Entries taken from a collection:
==*==

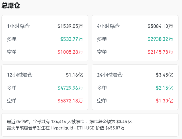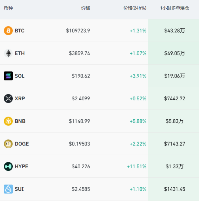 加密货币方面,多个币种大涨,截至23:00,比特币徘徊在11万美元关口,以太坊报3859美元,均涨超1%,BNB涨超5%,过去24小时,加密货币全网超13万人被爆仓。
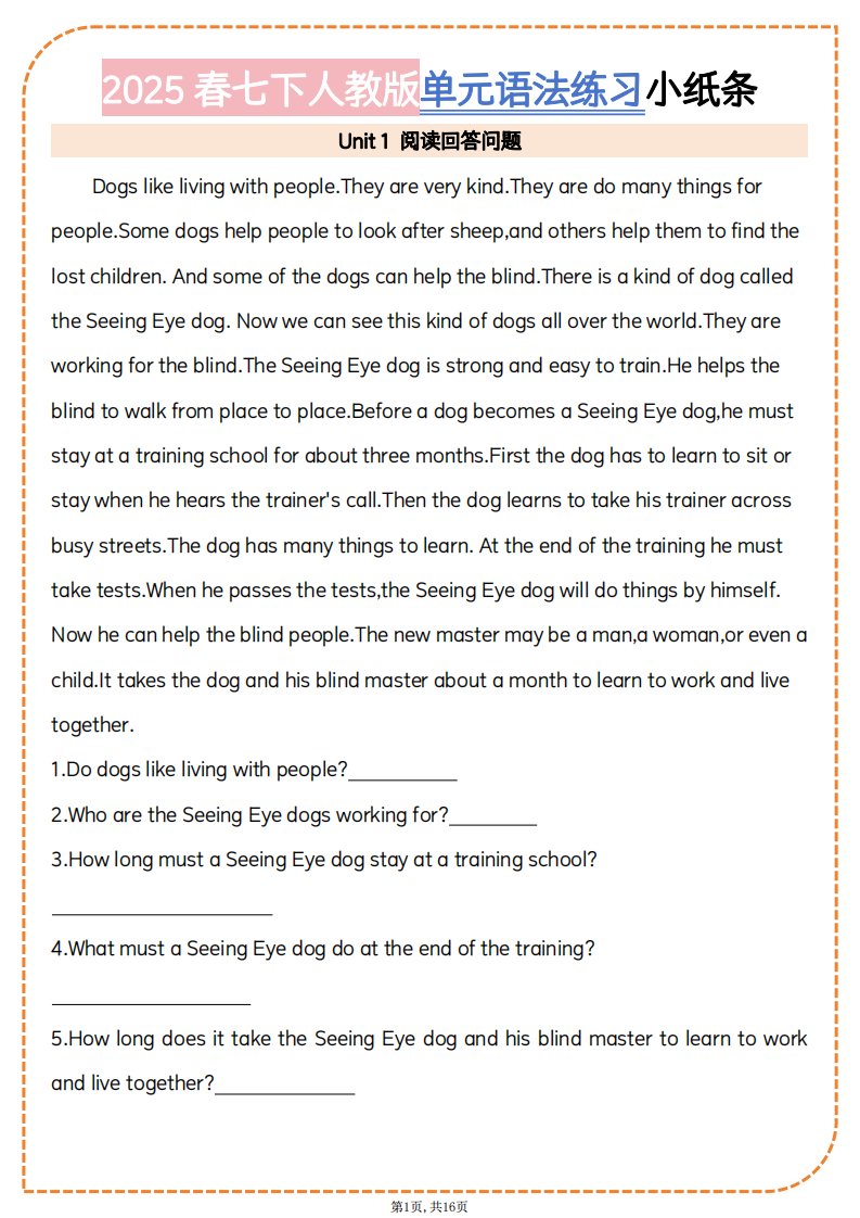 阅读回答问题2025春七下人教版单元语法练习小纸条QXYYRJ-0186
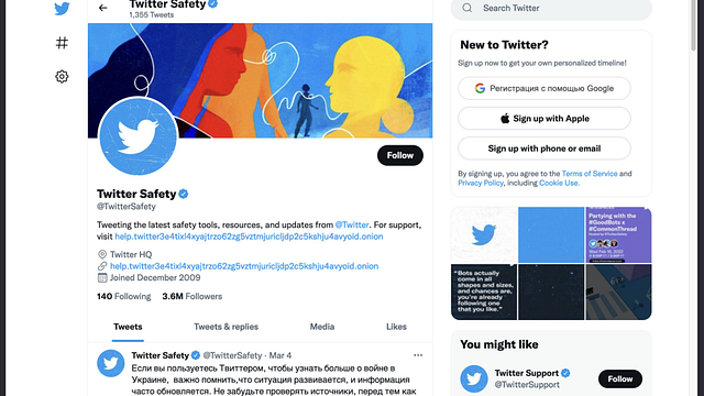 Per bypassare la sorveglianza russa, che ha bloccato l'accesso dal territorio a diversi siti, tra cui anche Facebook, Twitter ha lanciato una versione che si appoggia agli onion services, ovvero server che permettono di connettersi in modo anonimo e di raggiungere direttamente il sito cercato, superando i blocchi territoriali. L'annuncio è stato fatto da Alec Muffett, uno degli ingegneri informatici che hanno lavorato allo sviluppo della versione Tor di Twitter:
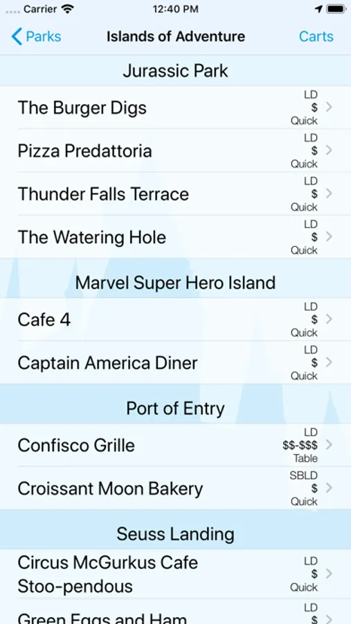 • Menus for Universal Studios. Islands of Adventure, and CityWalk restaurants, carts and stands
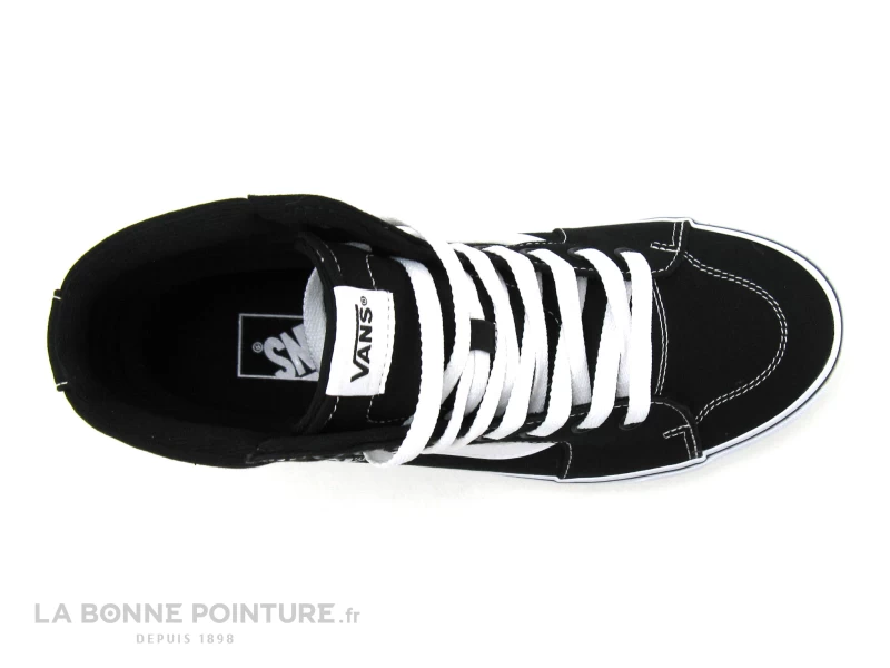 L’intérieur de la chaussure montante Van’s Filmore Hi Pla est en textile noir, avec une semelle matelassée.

==*==

What to produce — From the first line to the last, repeat the records above exactly, leaving out the pictures.

Result of the task —
 加密货币方面,多个币种大涨,截至23:00,比特币徘徊在11万美元关口,以太坊报3859美元,均涨超1%,BNB涨超5%,过去24小时,加密货币全网超13万人被爆仓。
 阅读回答问题2025春七下人教版单元语法练习小纸条QXYYRJ-0186
 Per bypassare la sorveglianza russa, che ha bloccato l'accesso dal territorio a diversi siti, tra cui anche Facebook, Twitter ha lanciato una versione che si appoggia agli onion services, ovvero server che permettono di connettersi in modo anonimo e di raggiungere direttamente il sito cercato, superando i blocchi territoriali. L'annuncio è stato fatto da Alec Muffett, uno degli ingegneri informatici che hanno lavorato allo sviluppo della versione Tor di Twitter:
 • Menus for Universal Studios. Islands of Adventure, and CityWalk restaurants, carts and stands
 L’intérieur de la chaussure montante Van’s Filmore Hi Pla est en textile noir, avec une semelle matelassée.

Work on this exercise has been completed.